(Items listed in a dataset)
= Beginning of Section =

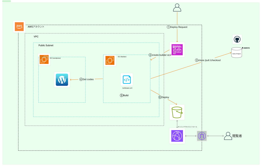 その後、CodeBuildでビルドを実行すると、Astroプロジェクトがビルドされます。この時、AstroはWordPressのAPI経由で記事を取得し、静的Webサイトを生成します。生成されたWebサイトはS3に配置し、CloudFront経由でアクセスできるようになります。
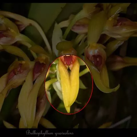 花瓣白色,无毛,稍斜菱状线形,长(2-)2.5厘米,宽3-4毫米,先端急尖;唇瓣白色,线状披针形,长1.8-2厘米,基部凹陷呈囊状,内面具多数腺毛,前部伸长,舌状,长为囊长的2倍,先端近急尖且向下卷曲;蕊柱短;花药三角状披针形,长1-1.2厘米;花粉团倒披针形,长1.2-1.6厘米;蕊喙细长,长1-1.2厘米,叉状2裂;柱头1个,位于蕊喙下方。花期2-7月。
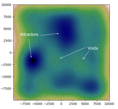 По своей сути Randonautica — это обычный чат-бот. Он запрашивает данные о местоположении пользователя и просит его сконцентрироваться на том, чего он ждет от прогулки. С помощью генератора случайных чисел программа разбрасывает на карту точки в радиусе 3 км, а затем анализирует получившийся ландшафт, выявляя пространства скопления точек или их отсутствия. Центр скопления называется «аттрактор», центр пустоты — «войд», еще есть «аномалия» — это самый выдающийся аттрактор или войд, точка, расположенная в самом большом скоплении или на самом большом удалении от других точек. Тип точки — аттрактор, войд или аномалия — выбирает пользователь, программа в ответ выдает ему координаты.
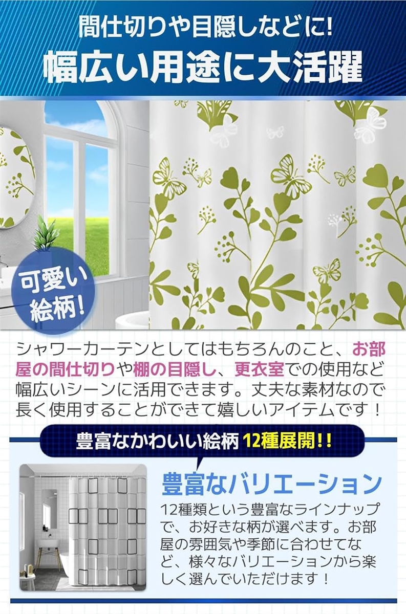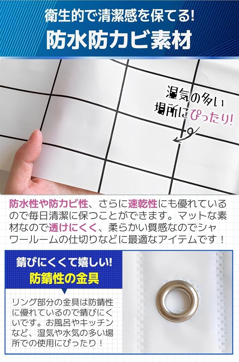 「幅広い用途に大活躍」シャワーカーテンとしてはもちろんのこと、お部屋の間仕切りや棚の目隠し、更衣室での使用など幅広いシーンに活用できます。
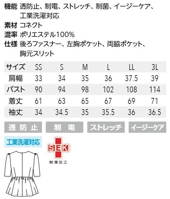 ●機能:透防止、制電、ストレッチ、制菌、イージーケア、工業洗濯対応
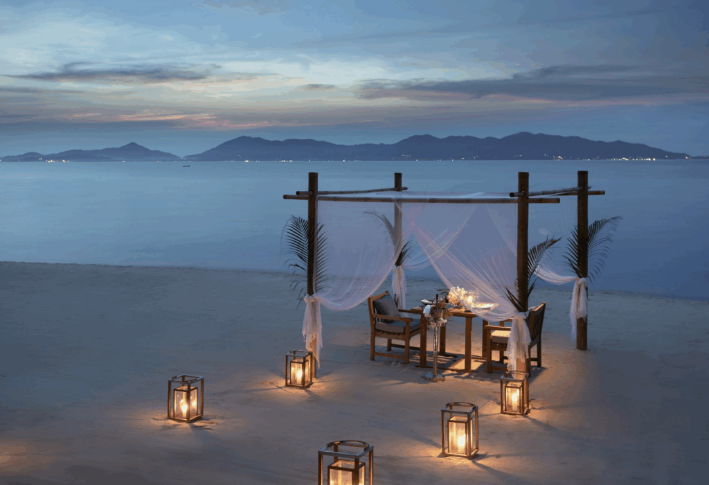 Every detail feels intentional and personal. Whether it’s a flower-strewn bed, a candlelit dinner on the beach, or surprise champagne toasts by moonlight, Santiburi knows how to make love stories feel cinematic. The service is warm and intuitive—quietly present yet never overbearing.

= End of Section =
= Beginning of Section =

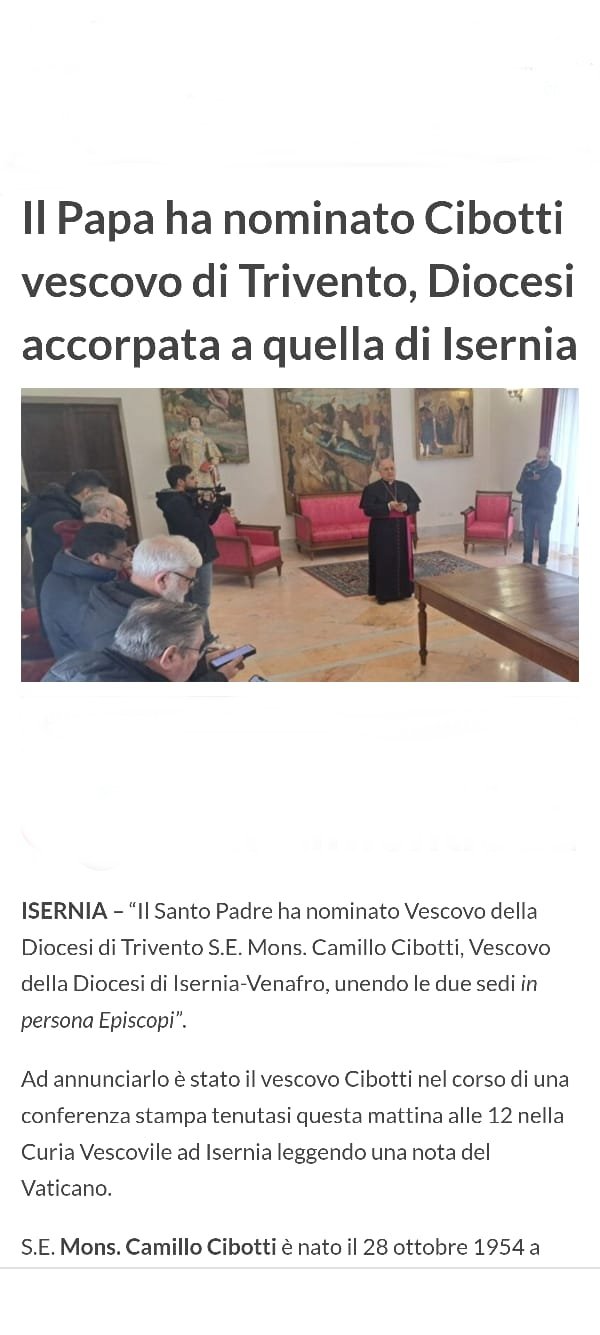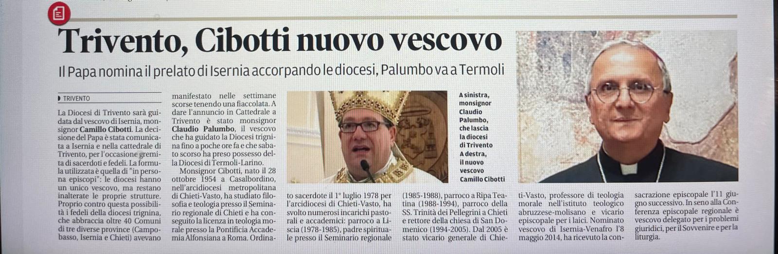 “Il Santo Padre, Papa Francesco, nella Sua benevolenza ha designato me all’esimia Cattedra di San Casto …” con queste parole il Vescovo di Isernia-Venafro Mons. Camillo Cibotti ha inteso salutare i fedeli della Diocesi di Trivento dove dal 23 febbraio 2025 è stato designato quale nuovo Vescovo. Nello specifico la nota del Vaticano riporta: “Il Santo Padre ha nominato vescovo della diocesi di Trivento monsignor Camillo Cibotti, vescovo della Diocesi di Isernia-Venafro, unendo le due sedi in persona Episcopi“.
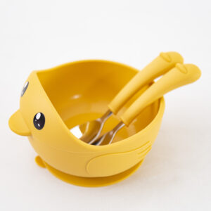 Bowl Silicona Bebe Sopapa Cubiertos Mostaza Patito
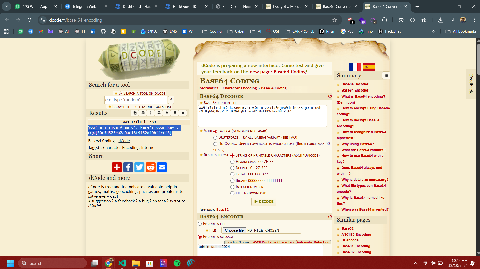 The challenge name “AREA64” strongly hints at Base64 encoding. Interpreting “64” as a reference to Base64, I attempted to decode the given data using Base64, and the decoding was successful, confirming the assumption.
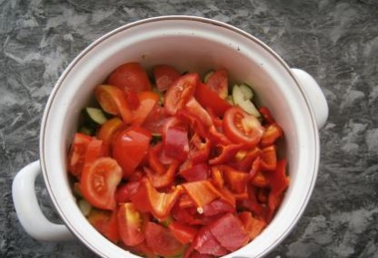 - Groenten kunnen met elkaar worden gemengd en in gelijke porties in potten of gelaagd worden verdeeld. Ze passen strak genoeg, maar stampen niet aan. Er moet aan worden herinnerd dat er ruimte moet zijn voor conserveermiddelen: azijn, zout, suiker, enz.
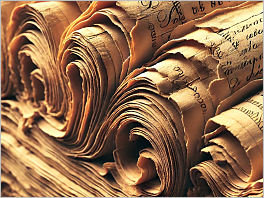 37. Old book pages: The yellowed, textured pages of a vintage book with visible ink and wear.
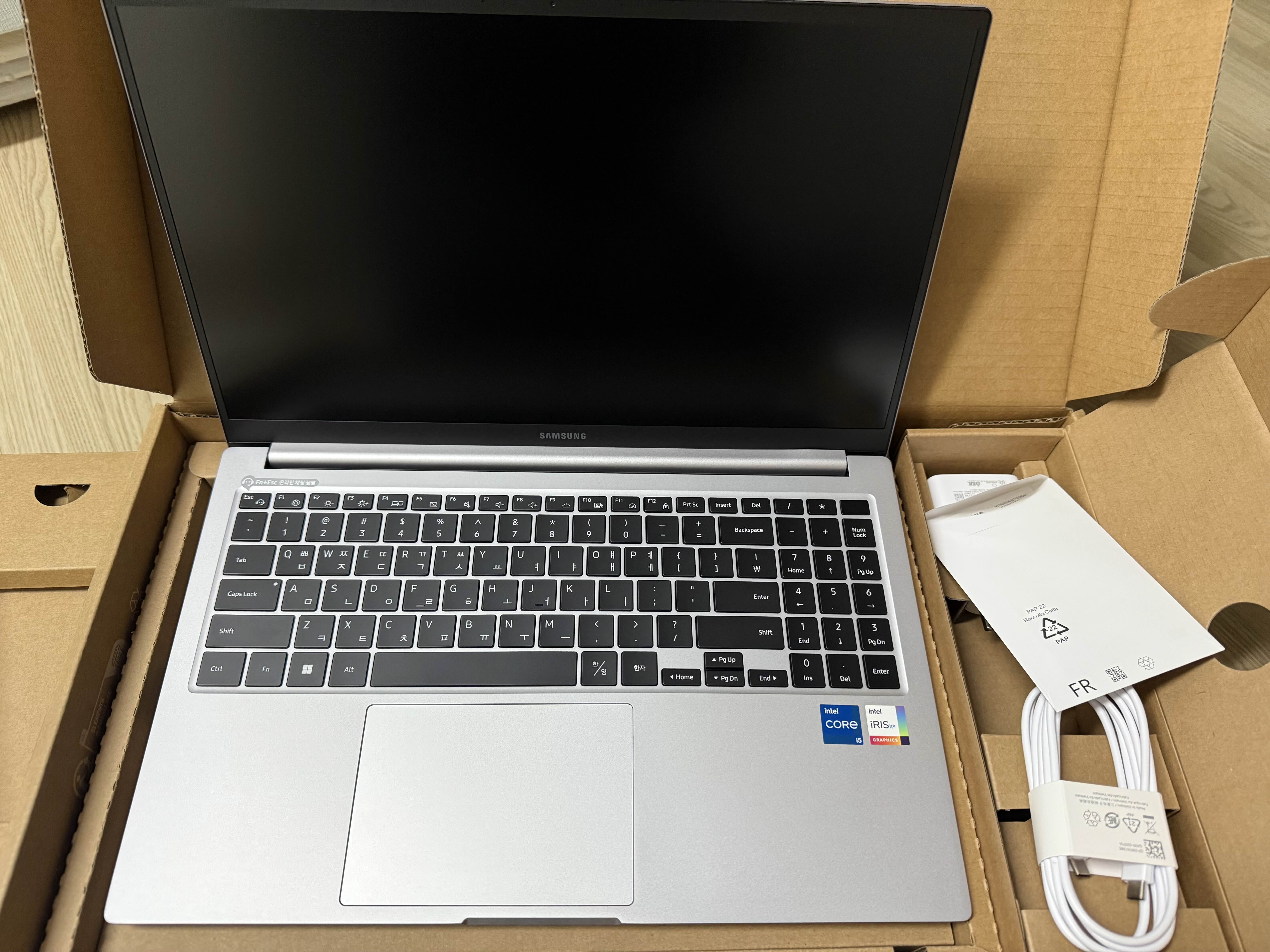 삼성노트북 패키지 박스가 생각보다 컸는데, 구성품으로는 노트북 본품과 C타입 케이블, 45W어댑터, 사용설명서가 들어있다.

= End of Section =

> _TASK_
A verbatim reproduction is expected: starting at the line above that has "По своей сути", ending at the line that has "Every detail feels", both included, and with no pictures and no other lines.

> _RESULT FOR THIS EXERCISE_
 По своей сути Randonautica — это обычный чат-бот. Он запрашивает данные о местоположении пользователя и просит его сконцентрироваться на том, чего он ждет от прогулки. С помощью генератора случайных чисел программа разбрасывает на карту точки в радиусе 3 км, а затем анализирует получившийся ландшафт, выявляя пространства скопления точек или их отсутствия. Центр скопления называется «аттрактор», центр пустоты — «войд», еще есть «аномалия» — это самый выдающийся аттрактор или войд, точка, расположенная в самом большом скоплении или на самом большом удалении от других точек. Тип точки — аттрактор, войд или аномалия — выбирает пользователь, программа в ответ выдает ему координаты.
 「幅広い用途に大活躍」シャワーカーテンとしてはもちろんのこと、お部屋の間仕切りや棚の目隠し、更衣室での使用など幅広いシーンに活用できます。
 ●機能:透防止、制電、ストレッチ、制菌、イージーケア、工業洗濯対応
 Every detail feels intentional and personal. Whether it’s a flower-strewn bed, a candlelit dinner on the beach, or surprise champagne toasts by moonlight, Santiburi knows how to make love stories feel cinematic. The service is warm and intuitive—quietly present yet never overbearing.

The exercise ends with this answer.